Barack, Ferrazzano, Kirschbaum & Perlman
333 West Wacker, Suite 2700
Chicago, Illinois 60606
(312) 984-3100
CALCULATION OF REGISTRATION FEE
Title of Each Class of
Securities to Be Registered....................... Common
Stock, no par value
Amount To Be Registered........................... 226,770 (1)

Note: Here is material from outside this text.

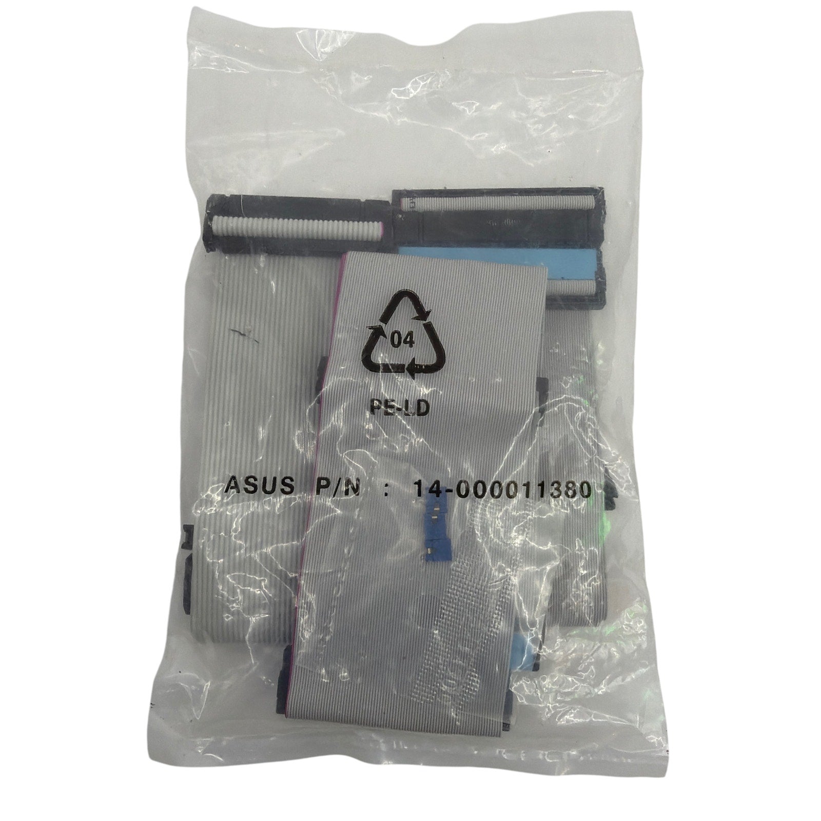 ASUS OEM IDE (PATA) ribbon cable bundle, labeled P/N 14-000011380. Appears unused and still sealed in the original plastic bag; packaging shows normal storage wear. Includes the cables shown in the photos only; please verify connector types/lengths by the pictures.

Proposed Maximum Offering Price Per Share......... $4.41 (2)
Proposed Maximum Aggregate Offering Price........ $1,000,000
Amount of Registration Fee....................... $345.00
(1) Represents shares of Common Stock to be distributed pursuant to the
Company's Employee Stock Ownership Plan.
(2) Calculated in accordance with Rule 457(h) under the Securities Act of
1933, as amended.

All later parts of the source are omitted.